Luckily, that was never a problem for Riley.


Sam Carr

“I played the music that I grew up playing in the churches and the stuff that the old guys taught me to play,” he said. “An old guy that was kind of a Hound Dog Taylor/Elmore James type of guitar player showed me how to play without a pick. And they (Frank and Sam) liked that type of playing. So I played with them all the time. The only time I played at the Chicago Blues Festival was in 1997, when Frank and Sam called me. They said they couldn’t pay me, but I told ‘em money didn’t matter. I just wanted to play with those guys. They treated me like gold.”

Riley was set to record with The Jelly Roll Kings, but Frost’s passing in 1999 kept that from happening.

Instead, Riley soon found himself in the middle of a new ensemble – The Delta Jukes.

Featuring Carr, Riley, James and Brinkley, Arkansas’, own John Weston, The Delta Jukes recorded Working for the Blues in late 2001.

“After Frank passed away, Fred (James) came up with the idea for the Delta Jukes,” said Riley. “And I was against it for a minute. But then I thought about it and decided that my main job is to keep the memory of guys like Frank Frost, Sam Carr and John Weston alive. So whatever allows me to do that, that’s what I’m going to be doing.”

And he’s doing it with all the soul and passion that he can muster.

“Blues is a feeling. When it’s done right, you can feel it. And if you can’t feel it, you can’t play it.”

“Blues is a feeling. When it’s done right, you can feel it. And if you can’t feel it, you can’t play it. You can’t fake it.

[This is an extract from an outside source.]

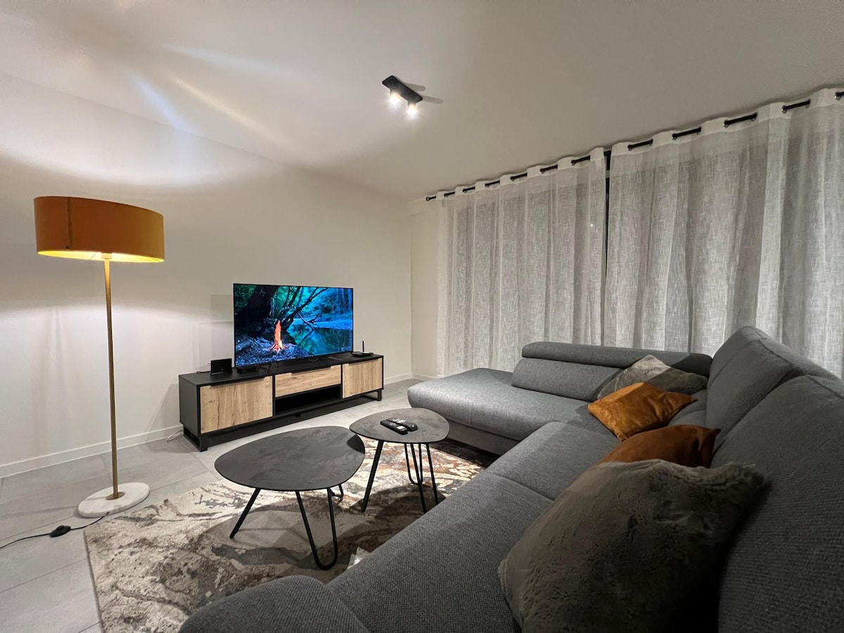This stunning highrise design apartment with an amazing view is only a short walk from Hasselt city center. The 2 bedrooms offer high quality, beds for a restful sleep. Fresh towels, shampoo, Nespresso, tea, Netflix are all provided for you. The interior has been beautifully designed to suit all needs. During the day and evening, you will greatly enjoy the large terrasse offering an amazing view of Hasselt. You will love watching the sunset behind the Quartier Bleu. FREE GARAGE PARKING SPOT

A lot of musicians want to try and put too much into it (the blues), or not enough into it, but you have to have just the right ingredients,” Riley said.

“It’s real serious music. I just try to do the best I can, when I can. All I  want to do is share my feelings with people. That’s what this music is about –making people feel good. That’s why you play and sing the blues – to make people feel good.”

Sometimes that act of making people feel good is as moving for Riley as it is for the people in the audience.

“Sometimes if you don’t see me playing (on stage) and you look real close, I might have my eyes closed, crying,” he said. “The tears just come out some times. This is very emotional music – serious stuff. I’ve had people come up to me after a show and say, ‘thanks for sharing your feelings with us, Dave.’ That’s powerful stuff. And I thank God that he gave me the talent and the ability to do it like I do.”

With a new disc from Riley and Corritore on the horizon for this fall, it looks like it is full speed ahead for Dave Riley and the blues, regardless of the current musical trend.

“The blues is always going to be here,” he said. “I mean, you got guys like Eric Clapton and B.B. King who are making a lot of money, but people like myself and below do it because we love it, man. Sometimes you make money and sometimes you don’t. And sometimes it don’t really matter. But the blues ain’t going to go nowhere. It will always be here. I’m not looking to get rich. I’ve been all over the world doing this. There’s no other thing I could have ever done that would have let me travel to some of the places that I’ve traveled to by playing the blues. Not too bad for an ol’ country boy. There’s a saying on one of the songs on the new album – ‘you can take me out of the country, but you can’t take the country out of me.’ And I’m a Mississippian by blood.”.